== Segment start ==

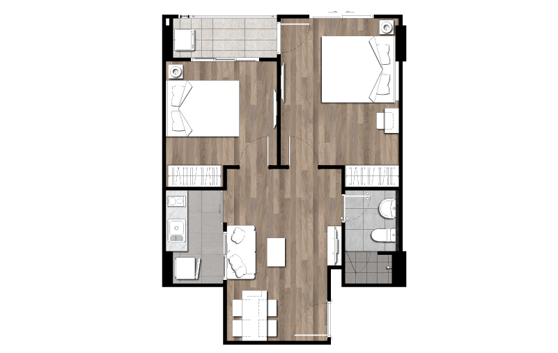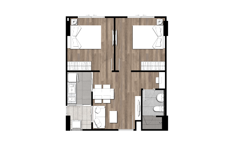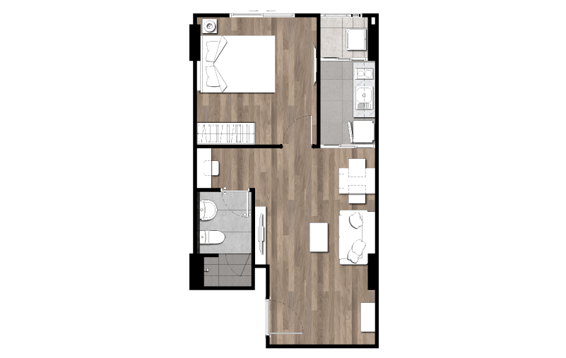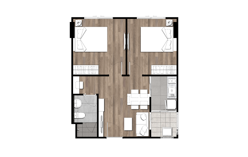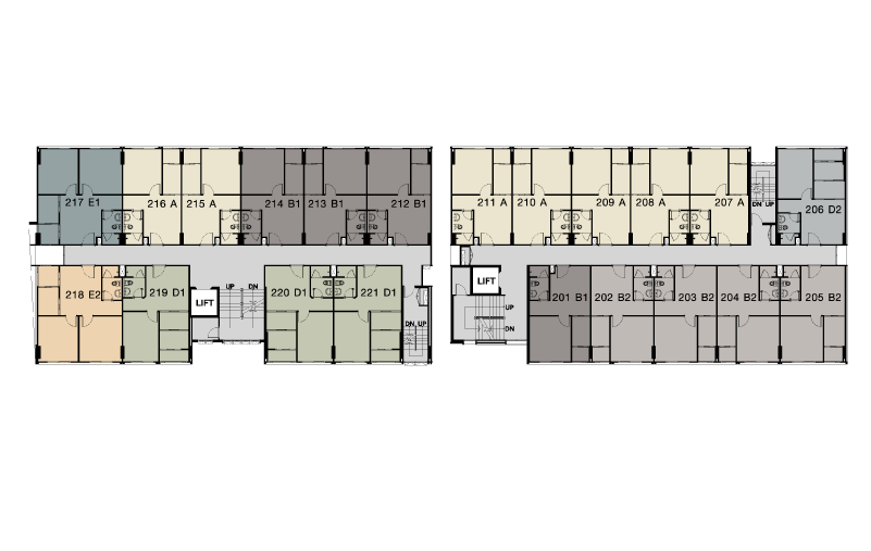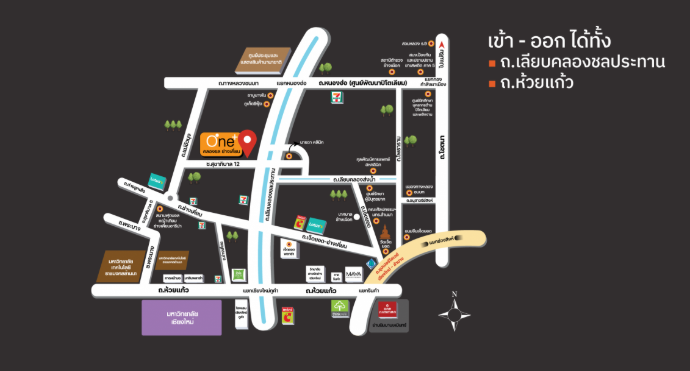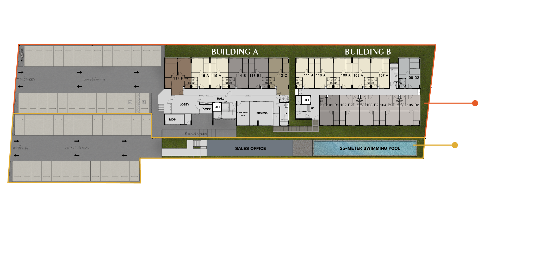 ผังโครงการ ชั้นล่าง : โถงทางเข้าอาคาร, สวนรวมใจ, ฟิตเนสโซน(สระว่ายน้ำ, ห้องออกกำลังกาย)ห้องเรียนรู้, ห้องคุณหนู, ห้องชุดพักอาศัย, ห้องเครื่อง และที่จอดรถชั้น 2-4
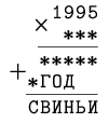 Заметим, что при умножении 1995 на первую цифру множителя получается четырёхзначное число (*ГОД), у которого последние три цифры различны (по условию, разные буквы обозначают разные цифры). Поэтому число *ГОД не может быть равным 1995 и 3990. Значит, для первой цифры осталось только три варианта: 3, 4, 5. А всего вариантов выбора первой и последней цифры множителя осталось 12 (почему?).
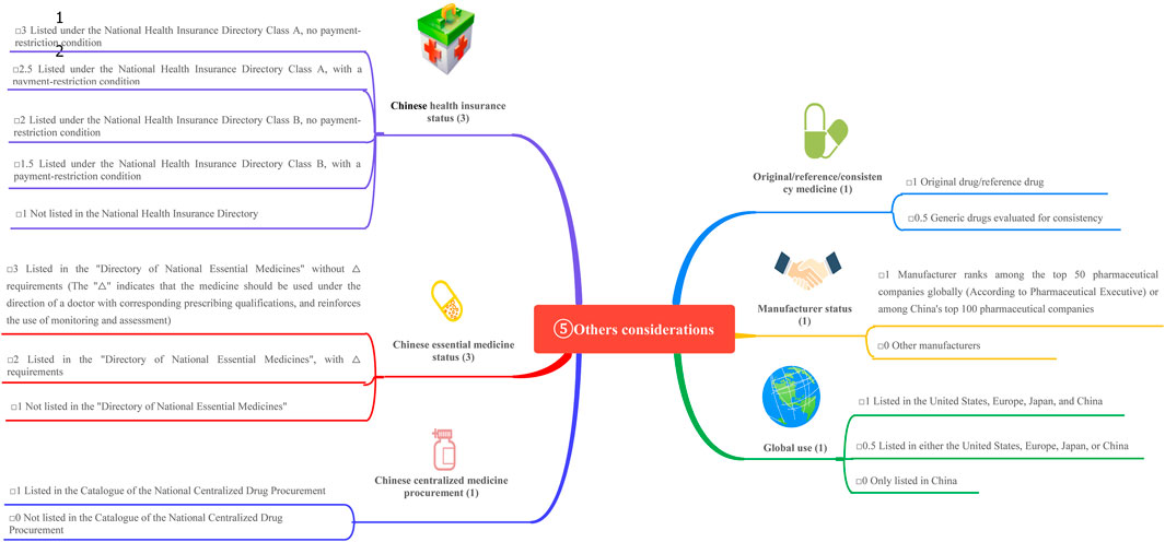 This category evaluates policy attributes (e.g., inclusion in Chinese health insurance and essential drug lists), originator attributes (e.g., reference drug or consistency evaluation), and market attributes (e.g., global usage and manufacturer status). These factors reflect the accessibility of drugs post-marketing. Table 7 presents the scores.

== Segment end ==

- HOW TO COMPLETE THIS TASK -
Without altering anything, output all the lines above but none of the images.

- RESPONSE BELOW -
 ผังโครงการ ชั้นล่าง : โถงทางเข้าอาคาร, สวนรวมใจ, ฟิตเนสโซน(สระว่ายน้ำ, ห้องออกกำลังกาย)ห้องเรียนรู้, ห้องคุณหนู, ห้องชุดพักอาศัย, ห้องเครื่อง และที่จอดรถชั้น 2-4
 Заметим, что при умножении 1995 на первую цифру множителя получается четырёхзначное число (*ГОД), у которого последние три цифры различны (по условию, разные буквы обозначают разные цифры). Поэтому число *ГОД не может быть равным 1995 и 3990. Значит, для первой цифры осталось только три варианта: 3, 4, 5. А всего вариантов выбора первой и последней цифры множителя осталось 12 (почему?).
 This category evaluates policy attributes (e.g., inclusion in Chinese health insurance and essential drug lists), originator attributes (e.g., reference drug or consistency evaluation), and market attributes (e.g., global usage and manufacturer status). These factors reflect the accessibility of drugs post-marketing. Table 7 presents the scores.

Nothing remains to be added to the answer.